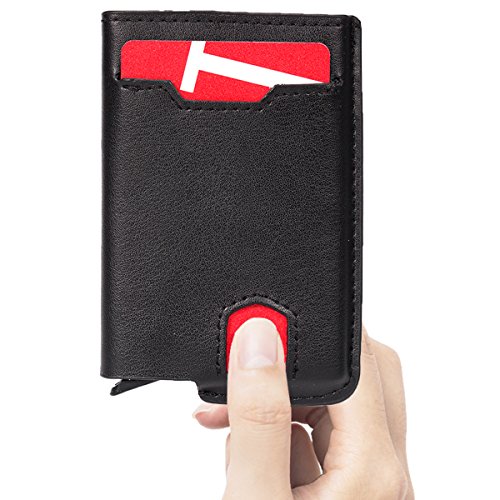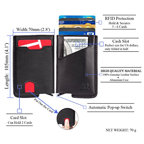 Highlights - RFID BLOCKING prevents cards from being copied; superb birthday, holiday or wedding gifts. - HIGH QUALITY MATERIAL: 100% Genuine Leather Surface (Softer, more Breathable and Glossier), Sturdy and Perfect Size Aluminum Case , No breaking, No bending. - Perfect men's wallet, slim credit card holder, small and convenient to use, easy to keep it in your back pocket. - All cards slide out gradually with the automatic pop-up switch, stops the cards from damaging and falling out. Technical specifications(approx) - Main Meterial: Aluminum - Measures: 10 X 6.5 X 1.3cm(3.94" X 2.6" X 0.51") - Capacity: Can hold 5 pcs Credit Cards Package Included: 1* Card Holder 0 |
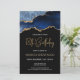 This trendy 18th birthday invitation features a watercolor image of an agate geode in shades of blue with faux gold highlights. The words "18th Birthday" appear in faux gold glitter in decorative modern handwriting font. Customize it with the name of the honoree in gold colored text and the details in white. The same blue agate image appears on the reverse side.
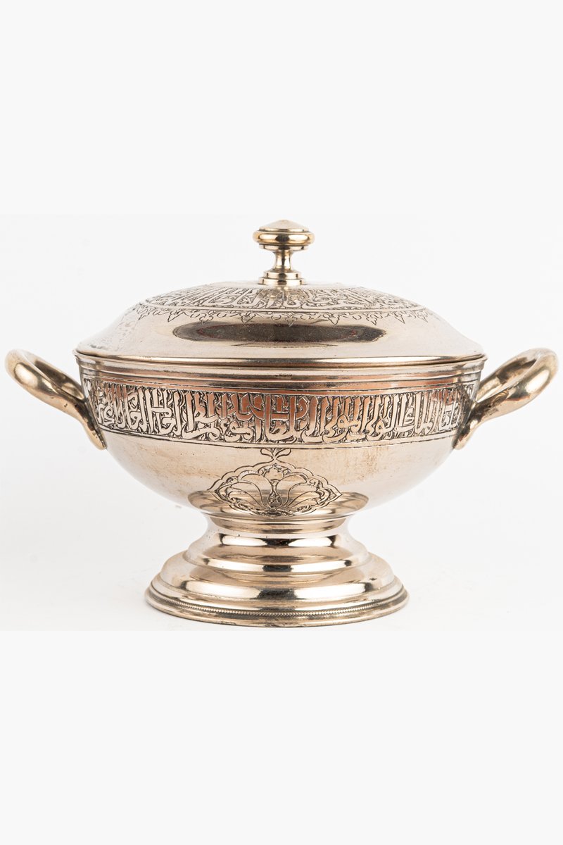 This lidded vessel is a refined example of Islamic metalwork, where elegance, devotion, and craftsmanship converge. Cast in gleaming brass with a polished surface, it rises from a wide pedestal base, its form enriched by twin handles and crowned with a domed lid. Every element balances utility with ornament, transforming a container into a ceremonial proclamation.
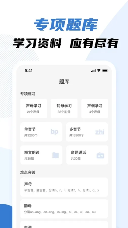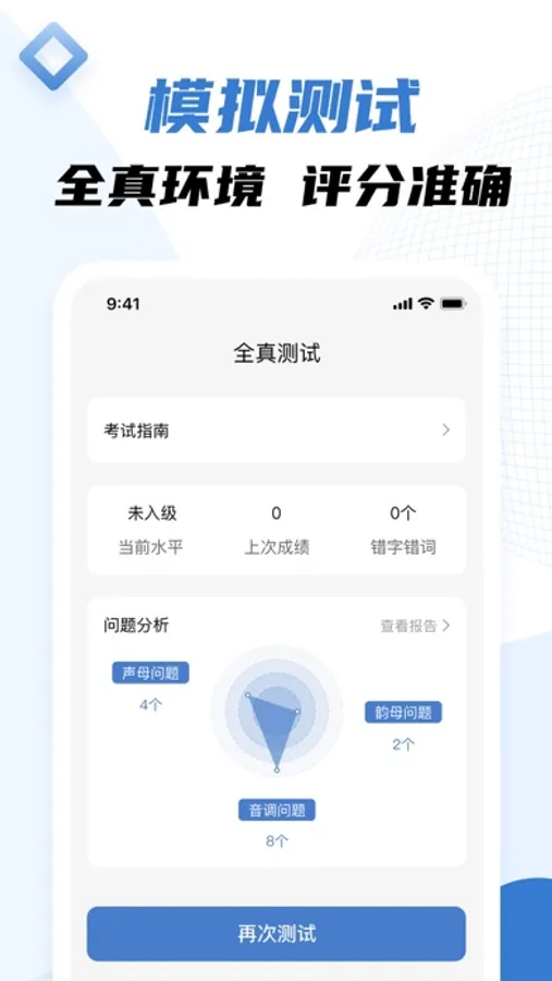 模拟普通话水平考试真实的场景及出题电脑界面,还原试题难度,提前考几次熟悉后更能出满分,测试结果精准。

> [Requirement]:
A word-for-word copy of the listing is the goal; keep every picture out of it.

> [Solution for this problem]:
 Highlights - RFID BLOCKING prevents cards from being copied; superb birthday, holiday or wedding gifts. - HIGH QUALITY MATERIAL: 100% Genuine Leather Surface (Softer, more Breathable and Glossier), Sturdy and Perfect Size Aluminum Case , No breaking, No bending. - Perfect men's wallet, slim credit card holder, small and convenient to use, easy to keep it in your back pocket. - All cards slide out gradually with the automatic pop-up switch, stops the cards from damaging and falling out. Technical specifications(approx) - Main Meterial: Aluminum - Measures: 10 X 6.5 X 1.3cm(3.94" X 2.6" X 0.51") - Capacity: Can hold 5 pcs Credit Cards Package Included: 1* Card Holder 0 |
 This trendy 18th birthday invitation features a watercolor image of an agate geode in shades of blue with faux gold highlights. The words "18th Birthday" appear in faux gold glitter in decorative modern handwriting font. Customize it with the name of the honoree in gold colored text and the details in white. The same blue agate image appears on the reverse side.
 This lidded vessel is a refined example of Islamic metalwork, where elegance, devotion, and craftsmanship converge. Cast in gleaming brass with a polished surface, it rises from a wide pedestal base, its form enriched by twin handles and crowned with a domed lid. Every element balances utility with ornament, transforming a container into a ceremonial proclamation.
 模拟普通话水平考试真实的场景及出题电脑界面,还原试题难度,提前考几次熟悉后更能出满分,测试结果精准。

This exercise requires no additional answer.